Panel Paper: The Case for Input-Based Accountability in Teaching: New Theories on Contract Design and Experimental Evidence

Thursday, July 13, 2017 : 11:30 AM
Evasion (Crowne Plaza Brussels - Le Palace)

*Names in bold indicate Presenter

Aaron Robert Phipps, University of Virginia
Handling the educational needs of a diverse student body in preparation for an increasingly globalized labor market will require creating a robust teacher labor force that can sustain the specific needs of at-risk subpopulations. Yet, how to compensate teachers to reflect productivity differences and provide incentives that reward performance remains a practical challenge, as many performance incentive schemes have not demonstrated consistent efficacy. Recent large-scale U.S. initiatives, including Race to the Top and the Teacher Incentive Fund have placed substantial emphasis on the development of compensation mechanisms to link pay and performance, as these programs have awarded a combined $6.4 billion since 2010 to 92 districts in 32 states for proposals to fund new teacher performance incentives or improve teacher accountability. Internationally, the United Kingdom, India, Chile, Mexico, Israel, Australia, and Portugal are considering or have implemented teacher incentive programs.

The results of teacher performance incentives have been mixed. While large scale field experiments and policy innovations are surely needed in the teacher labor market, the design challenge resides in the more general space of models for incentive contracts. A necessary theoretical and empirical problem is how to design an incentive to induce the optimal allocation of effort among multiple tasks, which is usually modeled by assuming agents know the production function.
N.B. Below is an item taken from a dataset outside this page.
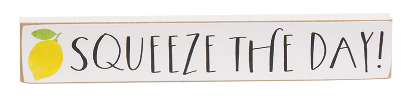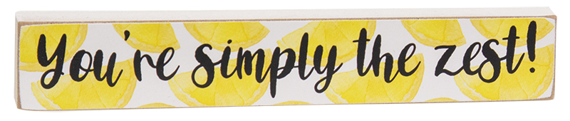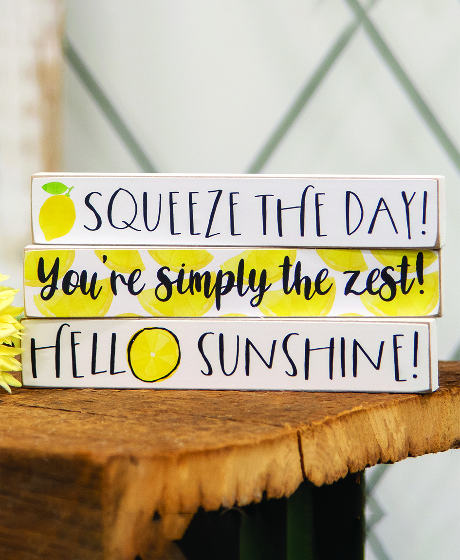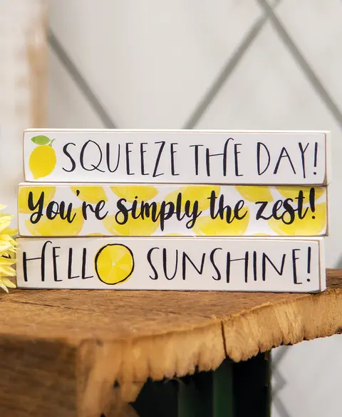 When life has you feeling squeezed, squeeze back with the Simply the Zest Mini Stick, 3 Assortment! Each mini stick gives bright and uplifting encouragement. Sayings, in jaunty type and script, are 'Squeeze the Day!', 'You're simply the zest!', and 'Hello Sunshine!'. Each mini stick measures 1" high by 6" wide and .5" deep.

Unlike some production processes in which output relies solely on worker skill and effort, teaching is distinguished by its complexity and its dependence on the reciprocal effort of students. The result is a context in which individual teachers are uncertain about the net marginal productivity of inputs. The innovation of this paper is to develop a model in which uncertainty about the production process in student learning (“production uncertainty”) is incorporated explicitly in the model and to assess agent responses to different incentive schemes in a laboratory experiment.

In the model, the presence of production uncertainty reduces the effect of an outcome-based incentive on a teacher’s overall effort level due to risk aversion, an effect I label “futility.” Furthermore, an outcome-based incentive can induce production friction, which predicts that teachers will redistribute their effort to inputs with lower variance in marginal productivity. This implies teachers could maintain or even increase their level of effort in response to a performance incentive without improving otucomes.
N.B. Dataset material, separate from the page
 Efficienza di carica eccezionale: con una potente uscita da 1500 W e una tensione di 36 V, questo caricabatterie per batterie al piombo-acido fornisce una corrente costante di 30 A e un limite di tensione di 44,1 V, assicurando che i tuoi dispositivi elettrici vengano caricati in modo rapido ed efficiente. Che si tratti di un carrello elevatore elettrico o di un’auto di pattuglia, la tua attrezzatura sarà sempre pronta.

The initial empirical test of these predictions is in a laboratory experiment. The experimental design itself is an innovation, allowing me to test a complex, multi-input real-effort task with different types of uncertainty. Preliminary results confirm my model’s basic predictions, though more experimentation is planned.
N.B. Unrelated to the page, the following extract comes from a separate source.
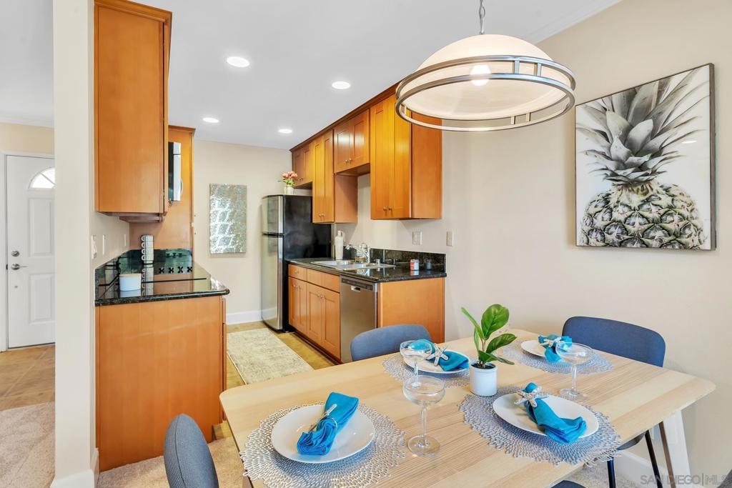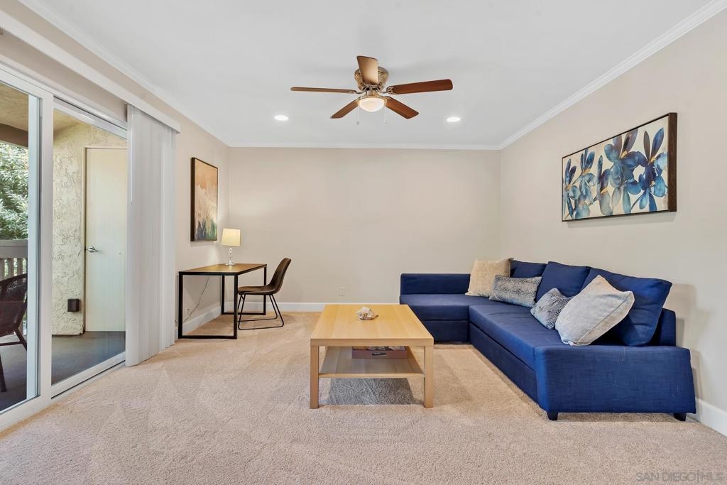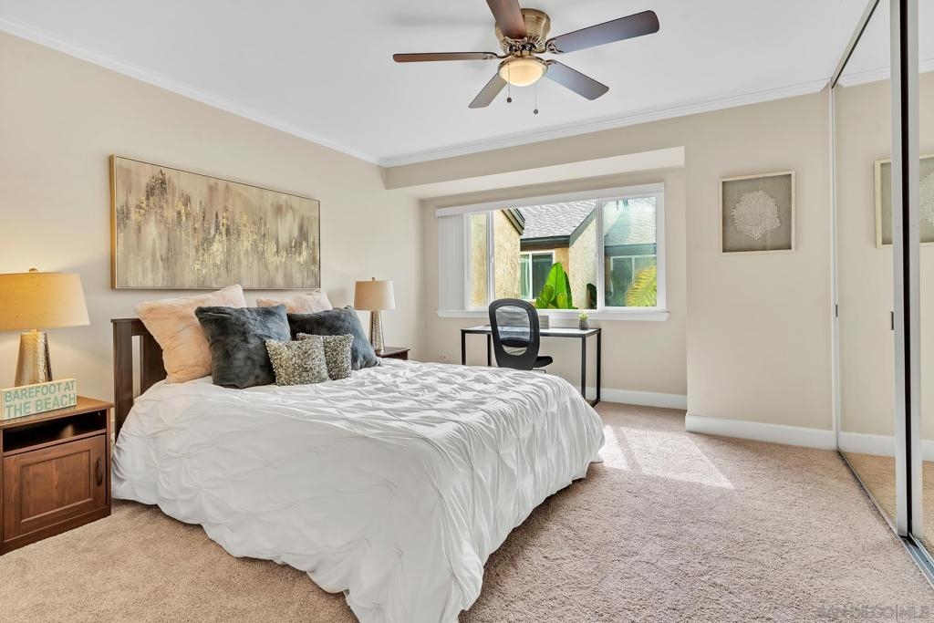 Welcome to this beautiful upstairs 1-bedroom condo, ideally situated in the charming neighborhood of La Jolla. This condo offers brand new carpet, custom paint, upgraded kitchen and bathroom, mirrored closet doors with ample closet space and is surrounded by tropical landscaping. This location provides vacation-type feel and nice natural light throughout. Located just minutes away from UCSD, I-5, SR-52, UTC Mall and beautiful local beaches.

Optimal contract design in the principal-agent problem influences how policy makers have tried to improve education. My theory, confirmed by preliminary lab results, has several policy implications. (1) Teacher incentive schemes should focus on rewarding measured behaviors that are within the control of teachers. (2) Incentives based only on student test scores can reduce average output even if teachers are not reducing overall effort. (3) Policy makers should focus on creating reliable processes for conducting in-class evaluations.